TASK OBJECTIVE ▸ Exact copies of the lines from the start of the records through the line with "[파이낸셜뉴스] 한국타이어앤테크놀로지(한국타이어)는 지난" are what the answer must hold; pictures are not part of it.

INFORMATION SHOWN ▸

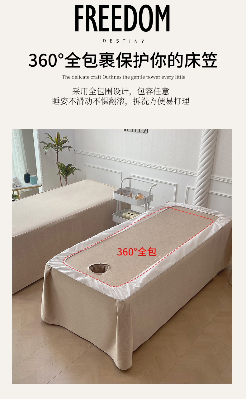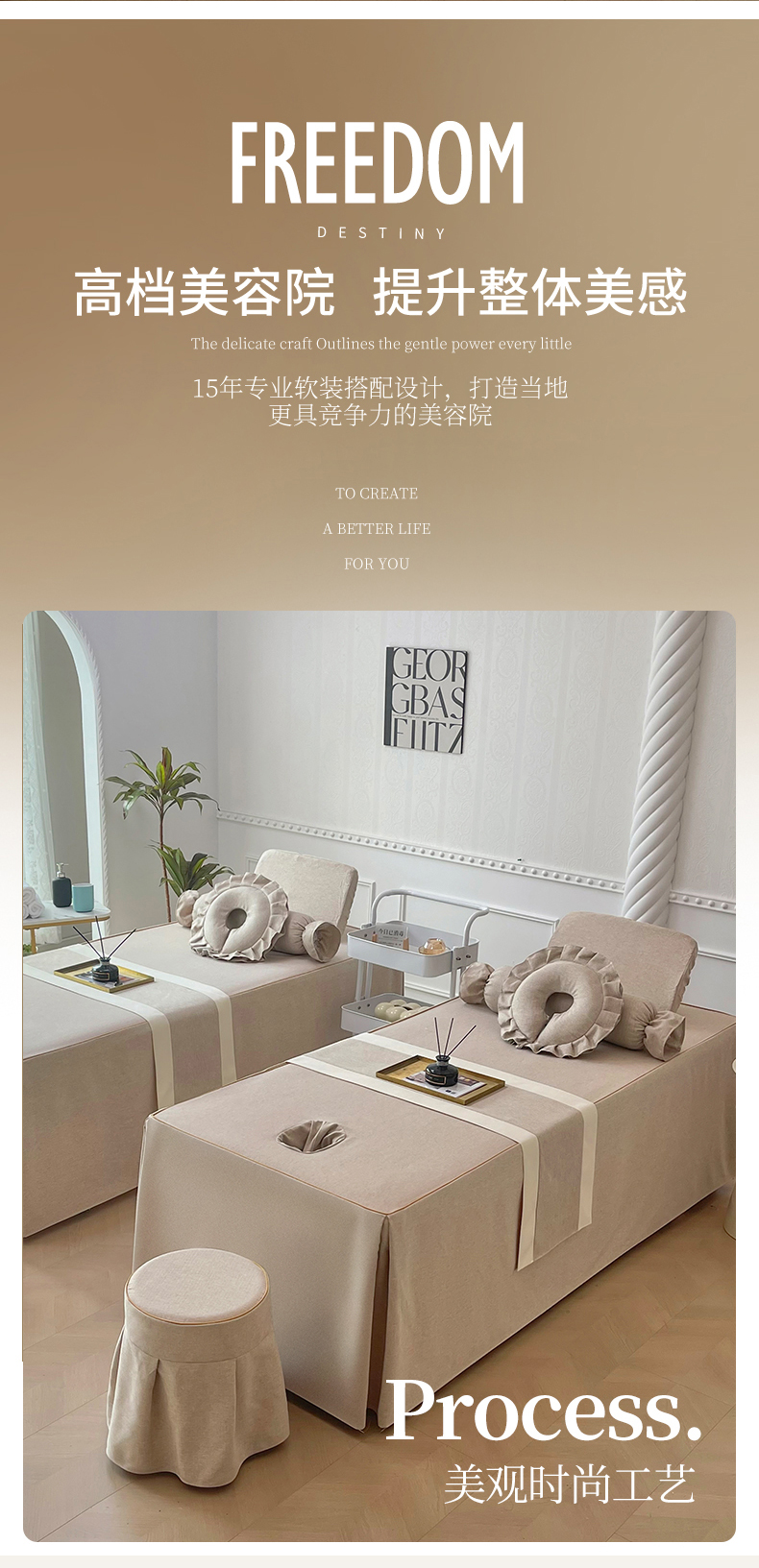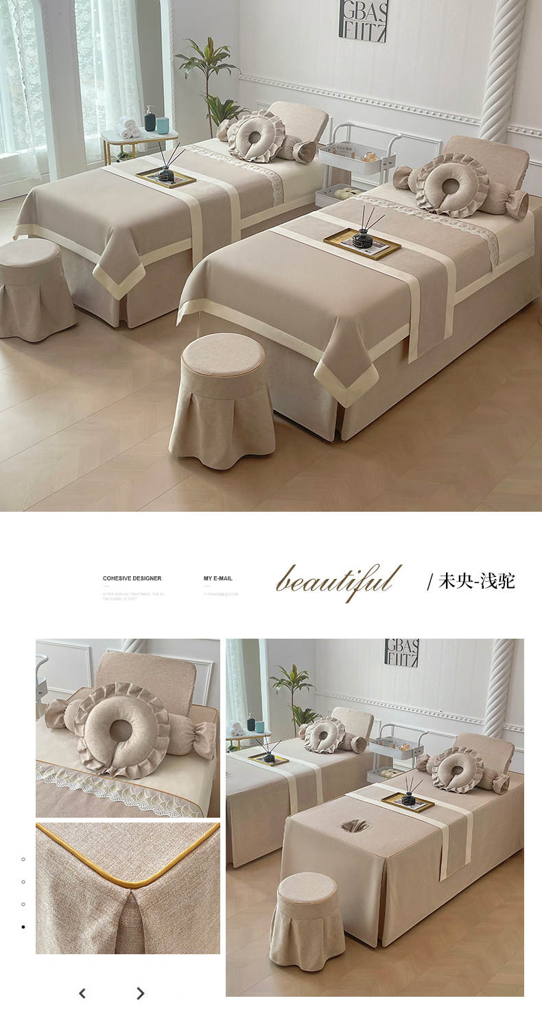 (总)芙怡 2025春夏新款8031款棉麻美容床罩四件套-未央系列,未央-蝶翅蓝,未央-格调 灰,未央-蜜桃 粉,未央-浅咖,未央-浅驼,未央-斑斓绿
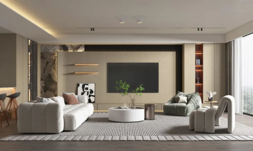 客廳作為家居整體的中心位置,是為家人提供了放松休息的場所,基于此,整體風格搭配就顯得尤其重要,既要滿足家人圍繞溫暖的需求,又要有真正意義上的身心松弛感,所以選擇淺色系與清爽自然的木質紋板材相搭配,才能相得益彰。在兩種風格元素的搭配中,不需要復雜多余的線條就可以讓整體空間低調優雅。
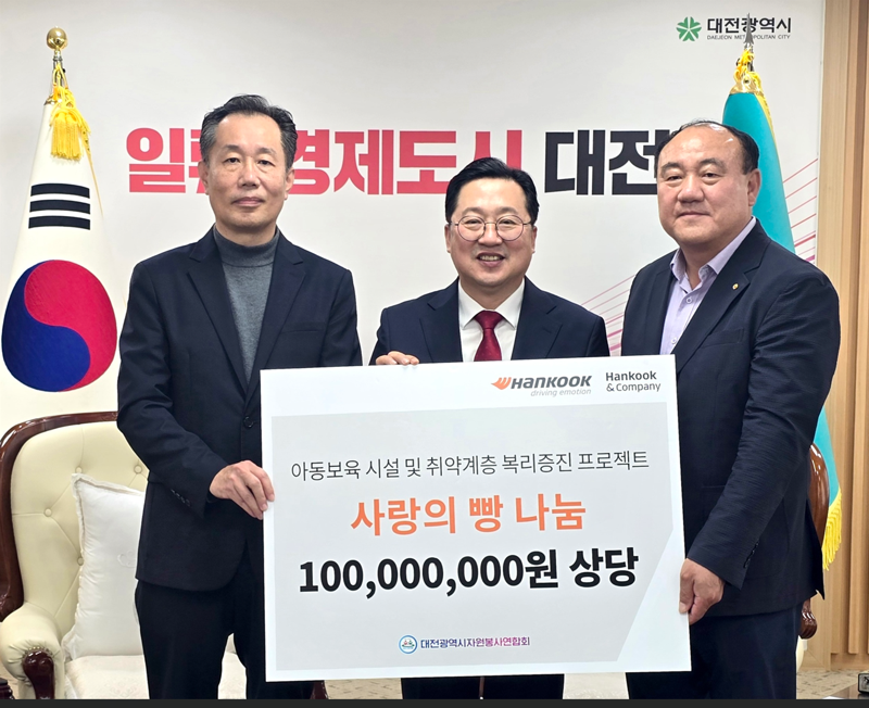 [파이낸셜뉴스] 한국타이어앤테크놀로지(한국타이어)는 지난 29일 대전시청에서 '사랑의 빵 나눔 사업' 후원금 1억원을 전달했다고 30일 밝혔다.
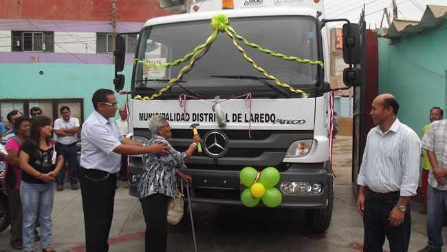 En sencilla ceremonia realizada hoy en el local de la municipalidad de Laredo fueron inauguradas y bendecidas la compactadora marca Mercedes Benz, 30 papeleras, 10 recolectores de residuos sólidos de 24 lts y 2 de 800 lts para mejorar la limpieza pública de Laredo y sus centros poblados. La inversión asciende a 450 mil nuevos soles.
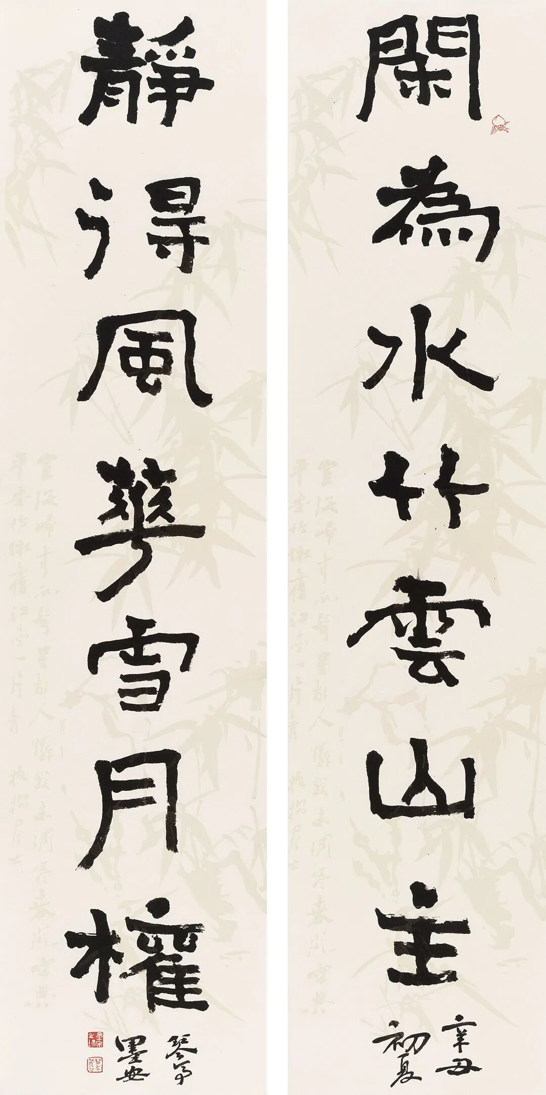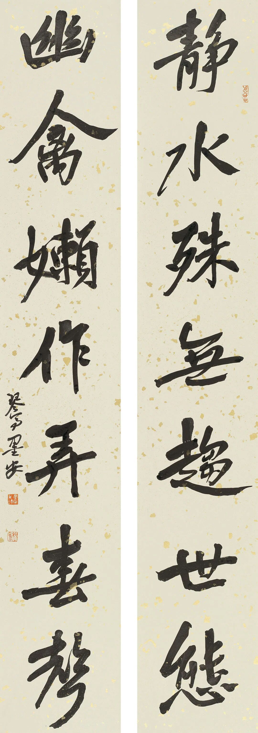 《靜水 幽禽》行書(shū)聯(lián)-138x24cmx2

ANSWER BELOW ▸
 (总)芙怡 2025春夏新款8031款棉麻美容床罩四件套-未央系列,未央-蝶翅蓝,未央-格调 灰,未央-蜜桃 粉,未央-浅咖,未央-浅驼,未央-斑斓绿
 客廳作為家居整體的中心位置,是為家人提供了放松休息的場所,基于此,整體風格搭配就顯得尤其重要,既要滿足家人圍繞溫暖的需求,又要有真正意義上的身心松弛感,所以選擇淺色系與清爽自然的木質紋板材相搭配,才能相得益彰。在兩種風格元素的搭配中,不需要復雜多余的線條就可以讓整體空間低調優雅。
 [파이낸셜뉴스] 한국타이어앤테크놀로지(한국타이어)는 지난 29일 대전시청에서 '사랑의 빵 나눔 사업' 후원금 1억원을 전달했다고 30일 밝혔다.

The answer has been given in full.